A stronger-than-forecast southerly surge through Cook Strait suppresses Wellington's afternoon maximum below 12°C. The 11°C and 10°C bins gain probability rapidly. The YES contract at 12°C reprices sharply downward, and the 24-hour capital inflow reverses. Wellington's wind exposure makes this a plausible intraday event.

Adjacent Bins Gain Ground

The 13°C outcome gains traction if a brief calm period allows afternoon radiation to push Wellington's maximum one degree warmer than current models suggest. Thin liquidity in the 13°C bin means a modest volume injection could shift relative pricing significantly, pulling probability away from the 12°C outcome without a dramatic weather event.

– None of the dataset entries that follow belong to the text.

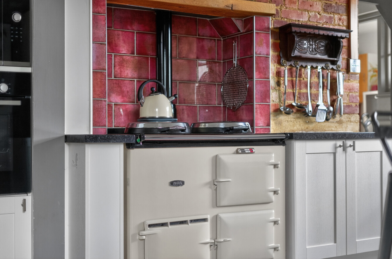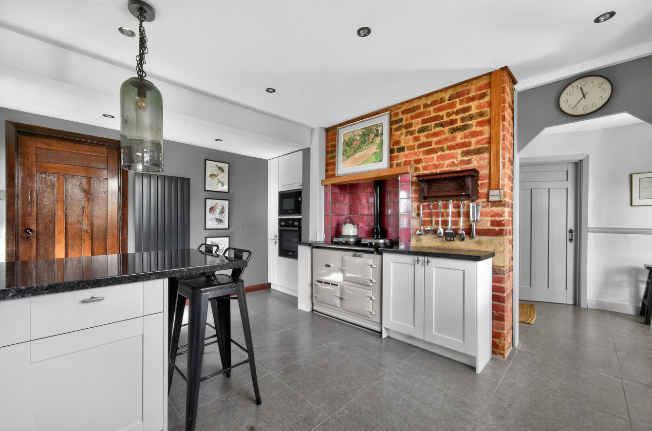 The kitchen has been stylishly updated to provide a modern and highly functional space. Fitted with a range of contemporary units and integrated appliances, it is further enhanced by a peninsular breakfast bar, perfect for informal dining or social cooking. A characterful exposed brick wall and Aga add warmth and personality, blending seamlessly with the modern finishes.
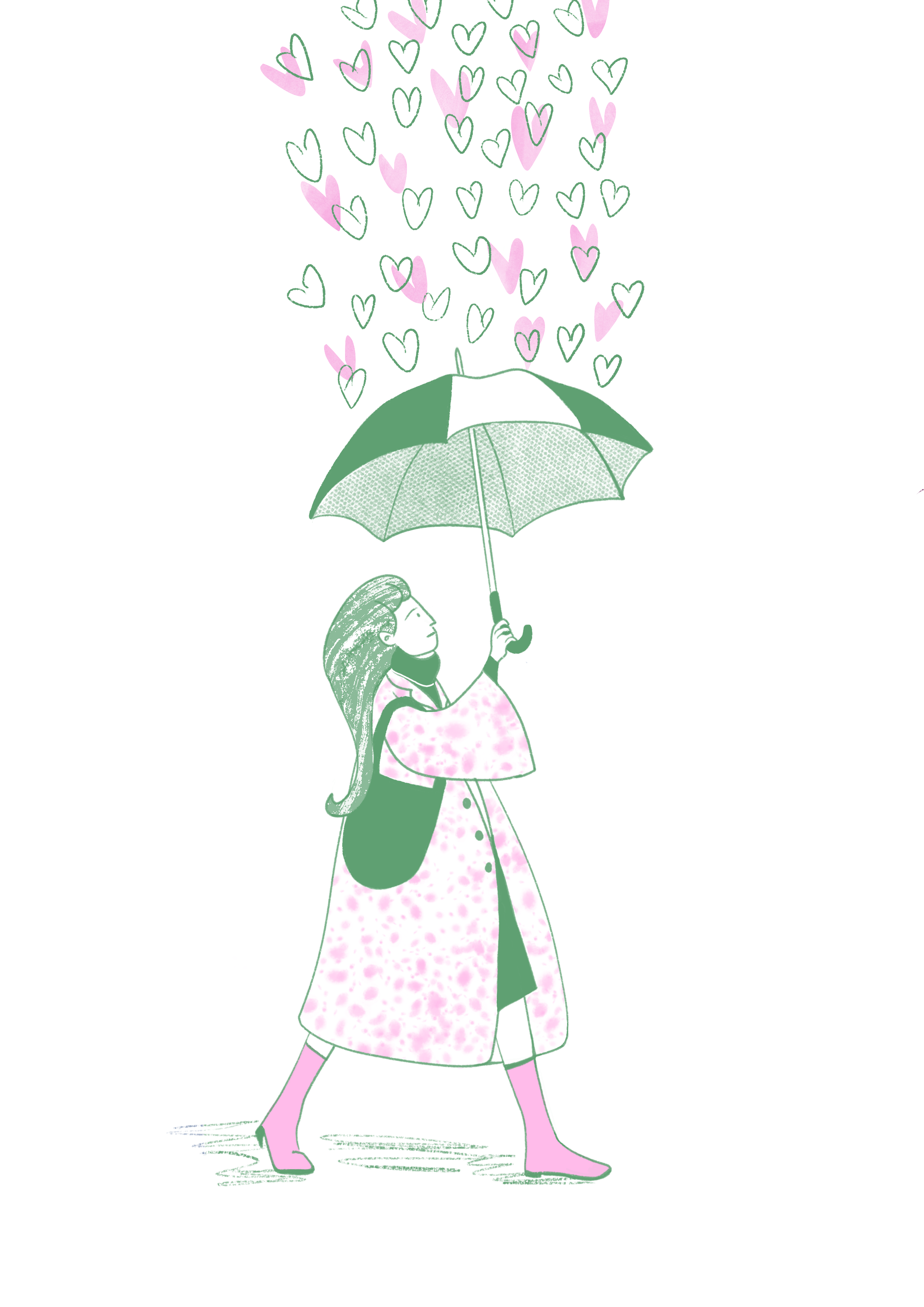 This piece captures a woman guarding herself from love and the pain of a broken heart; choosing self-protection and emotional boundaries after past heartbreak. It’s gentle, witty, and relatable to many readers. This illustration works for any project exploring emotional self-protection, healing, and modern love. I chose two contrasting colours to emphasise our struggle we sometimes face between love and heartbreak.
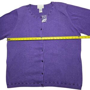 Susan Graver Sweater Womens Plus 1X Purple Beaded Cardigan Button Front
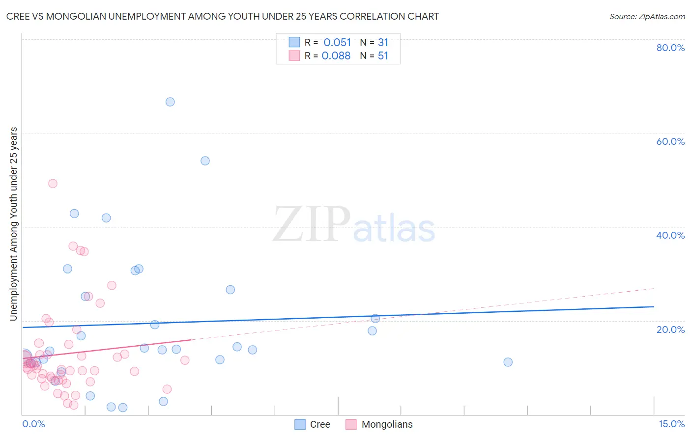 The statistical analysis conducted on geographies consisting of 75,921,108 people shows a slight positive correlation between the proportion of Cree and unemployment rate among youth under the age of 25 in the United States with a correlation coefficient (R) of 0.051 and weighted average of 12.4%. Similarly, the statistical analysis conducted on geographies consisting of 140,041,883 people shows a slight positive correlation between the proportion of Mongolians and unemployment rate among youth under the age of 25 in the United States with a correlation coefficient (R) of 0.088 and weighted average of 11.1%, a difference of 12.4%.
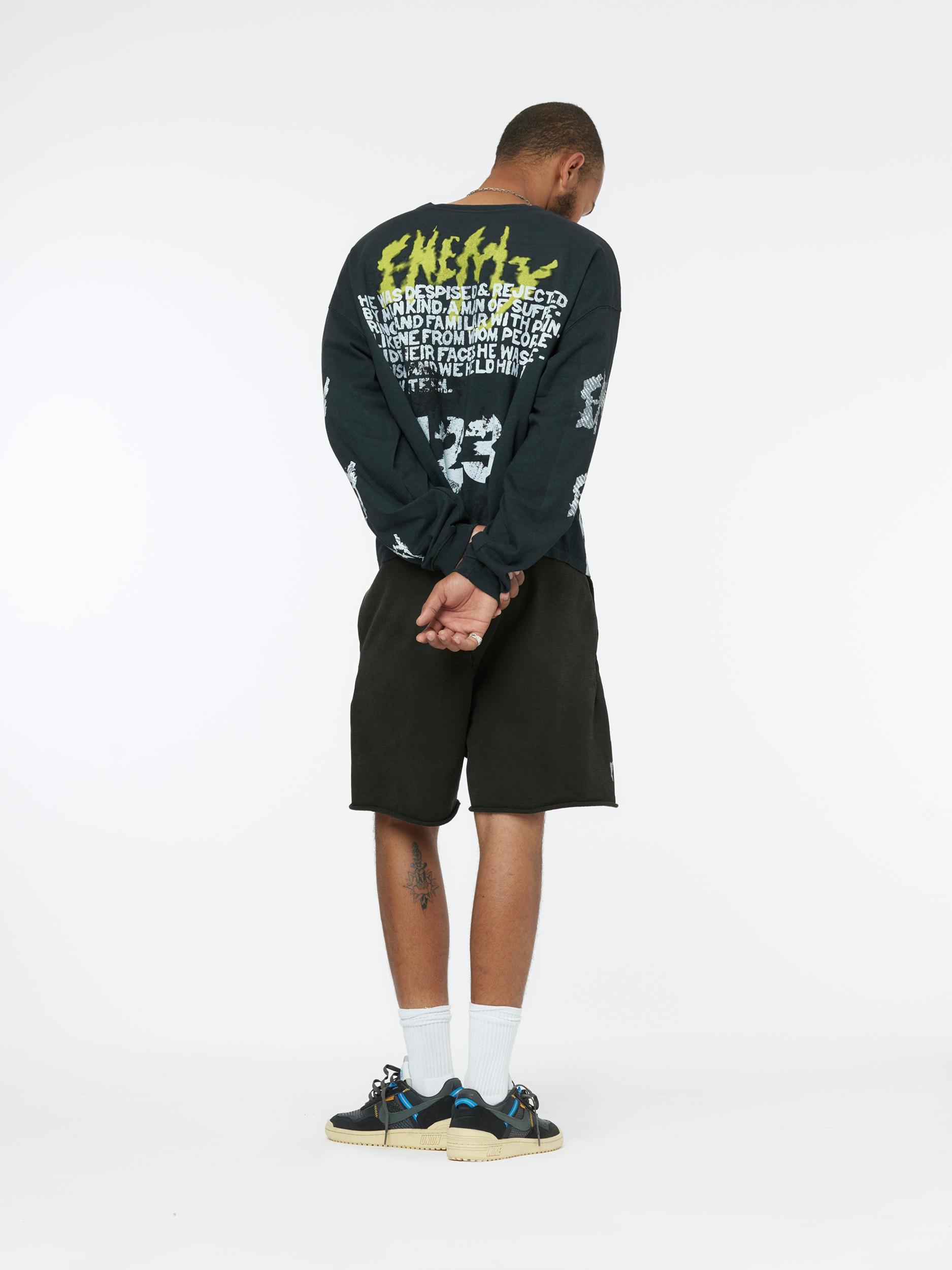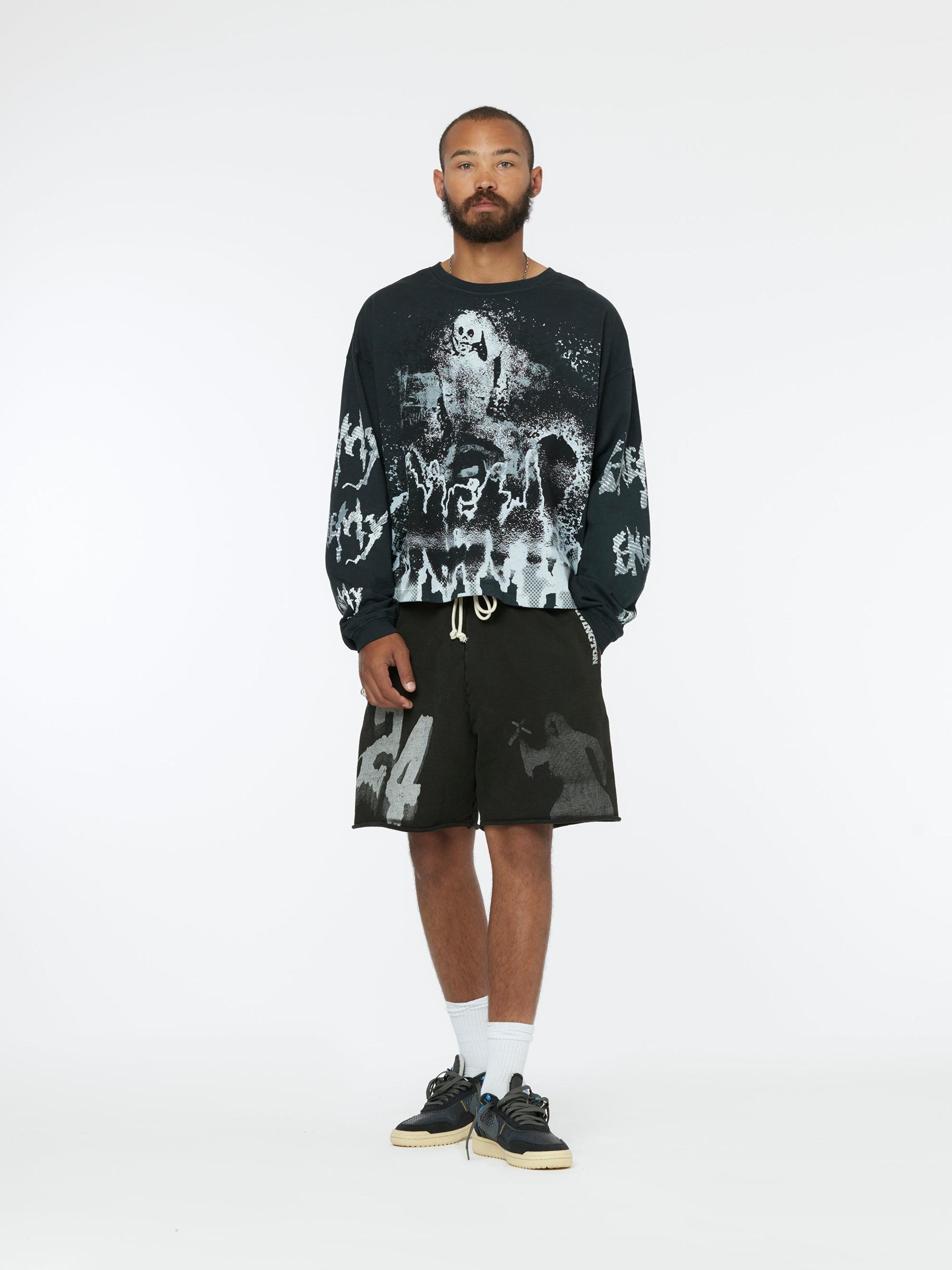 - FRENCH TERRY- ACRYLIC SCREEN PRINT- HEAVY STONE WASH- 100 COTTON- MADE IN LOS ANGELES EACH HANDMADE ITEM CARRIES WITH IT A CHARACTER OF ITS OWN. ALLOW FOR THE INDIVIDUALITY OF YOUR PIECE TO BE A VIRTUE, NOT A FLAW. ALL COLOR FADES, TEARS, RIPS, DISCOLORATION, DISTRESSING OF FABRICS AND CONSTRUCTION ARE INTENTIONAL.

Station Data Anomaly at Resolution

Wellington's official maximum temperature reading from the designated station occasionally differs from city-wide observations by a degree or more due to urban heat variation and wind channeling. If the resolution source records a value one degree from the consensus forecast, the entire probability distribution resets instantly at close.

Key macro factor: Wellington sits in a La Nina-influenced Southern Hemisphere winter pattern that tends to favor stronger southerly intrusions and cooler-than-average June maximum temperatures across the lower North Island.

Market Timeline

Jun 23, 4:02 AM
Market Created
Jun 23, 4:16 AM
Market Opened
Thursday, Jun 25
Market Resolution

Market Comments

Probabilities shown are market-implied and not predictions or recommendations. This content is for informational purposes only.